Komisioner KPAI Diyah Puspitarini mengatakan munculnya peristiwa anak mengakhiri hidup di sejumlah daerah harus menjadi peringatan bagi masyarakat dan pemerintah.
KPAI mencatat ada 11 peristiwa anak mengakhiri hidup, dengan 12 korban sepanjang 2023. Tujuh anak yang menjadi korban berada dalam rentang usia 15-17 tahun, dan salah satu peristiwa menelan dua korban.
"Jenis kelamin anak yang menjadi korban paling banyak perempuan, kemudian laki-laki sebanyak 25 persen. Dan 25 persen lainnya tidak disebutkan jenis kelaminnya," jelas Diyah di Jakarta, Selasa (28/11/2023).
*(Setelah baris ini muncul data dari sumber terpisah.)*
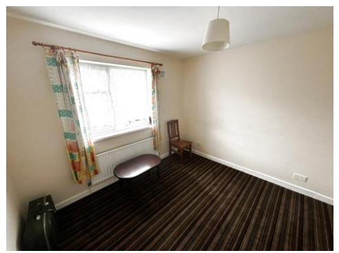
Bedrooms 1, 2 & 3
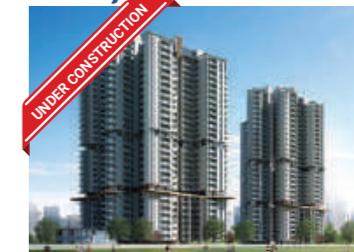
JAYPEE SPORTS CITY, YAMUNA EXPRESSWAY, GREATER NOIDA
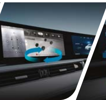
540° HD Panoramic Camera
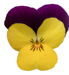
Limoncello Purple Wing VC0131R/E
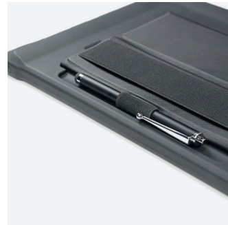
*Stylus not included
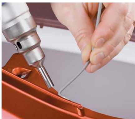
Pendulum welding PLUS
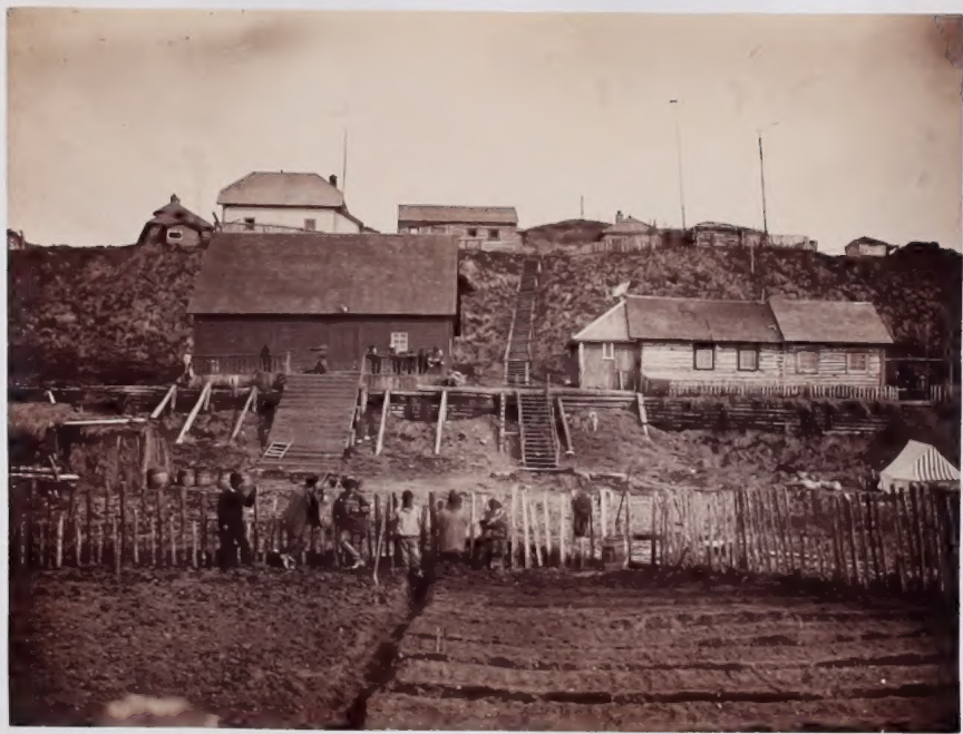
10. Nushagak—Lower part.
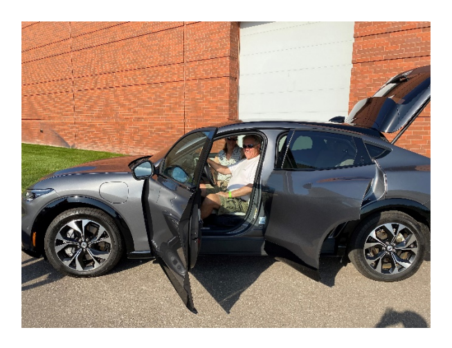
Two members check out a Ford Mustang Mach-E. More than 20 vehicles were on display for members to learn about.
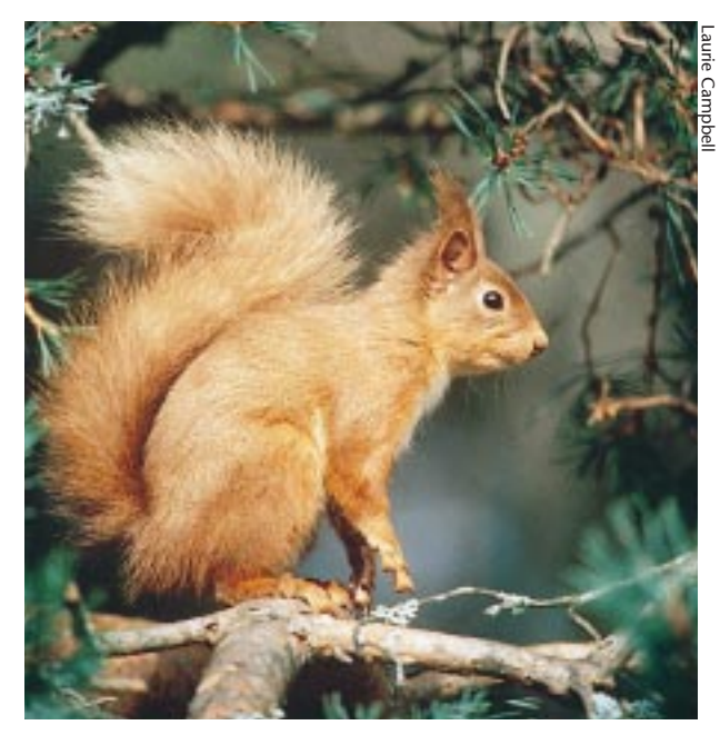
Time–area counts are useful in woods with an open structure such as old pine woods.
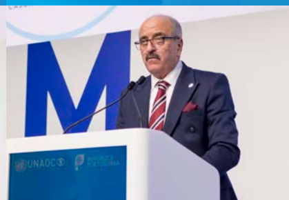
H.E. Mr. Mohamed Ali Nafti , Minister for Foreign Affairs, Migration and Tunisians Abroad of the Republic of Tunisia
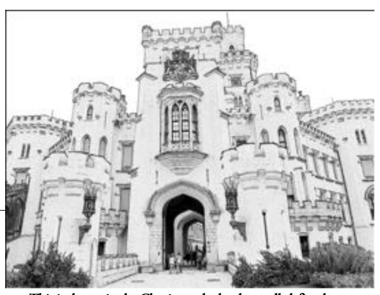
This is drawn in the Classic mode that has well-defined contour lines.
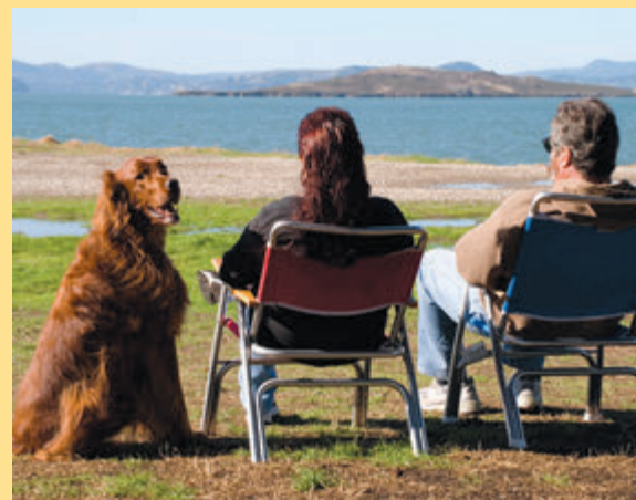
There are beautiful views of the Golden Gate Bridge, Marin County, and Brooks Island from this popular 23-acre park. Special rules allow dogs to be off-leash (but under the voice control of their owner) throughout the park, although owners must carry a leash at all times (six-foot maximum), and dogs must be leashed in parking lots and on streets. Canine visitors can enjoy baths, treats, toys, and supplies from the on-site Mudpuppy's Tub & Scrub.

Visitors are responsible for knowing and complying with park rules (Ordinance 38), available online at www.ebparks.org/ord38 .
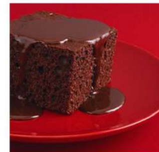
CHOCOLATE SPONGE WITH CHOCOLATE SAUCE
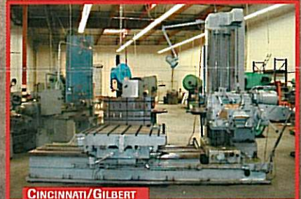
CINCINNATI/GILBERT BORING MACHINE
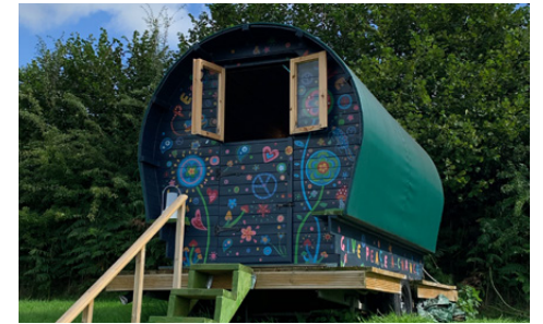
Peace & Love Gypsy Caravan ▶
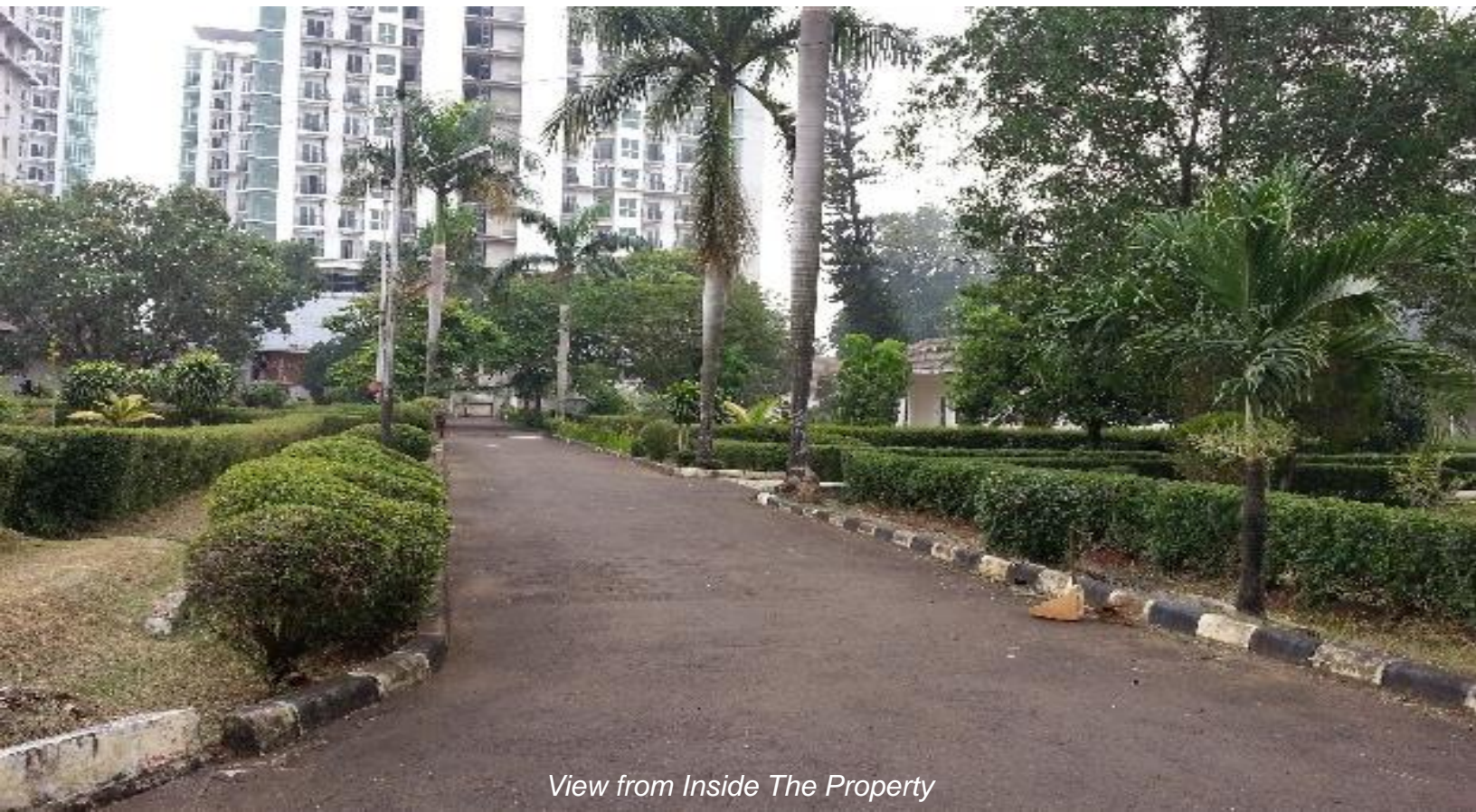
View from Inside The Property

Diyah menjelaskan terdapat sejumlah faktor yang menjadi penyebab anak mengakhiri hidup, termasuk pelecehan fisik, kesehatan mental, perundungan, penelantaran, dan tekanan faktor ekonomi.
Diyah menyarankan perlunya masyarakat mengenali tanda-tanda yang bisa menjadi petunjuk bahwa seorang anak berniat mengakhiri hidupnya. "Anak yang akan mengakhiri hidup itu sudah bisa dilihat tanda-tandanya. Termasuk perubahan ekstrem, bisa jadi sudah membuat surat, dan menarik diri dari orang lain, serta perilaku merusak diri sendiri," tambahnya.
Lebih jauh Diyah mengatakan, pemerintah juga perlu memperkuat edukasi bagi keluarga,anak, dan para pemangku kepentingan lainnya, untuk mencegah kasus bunuh diri pada anak. Ia menegaskan kasus bunuh diri dapat diantusipasi dengan deteksi dini dan penanganan yang tepat, seperti konseling dan pendampingan psikologis.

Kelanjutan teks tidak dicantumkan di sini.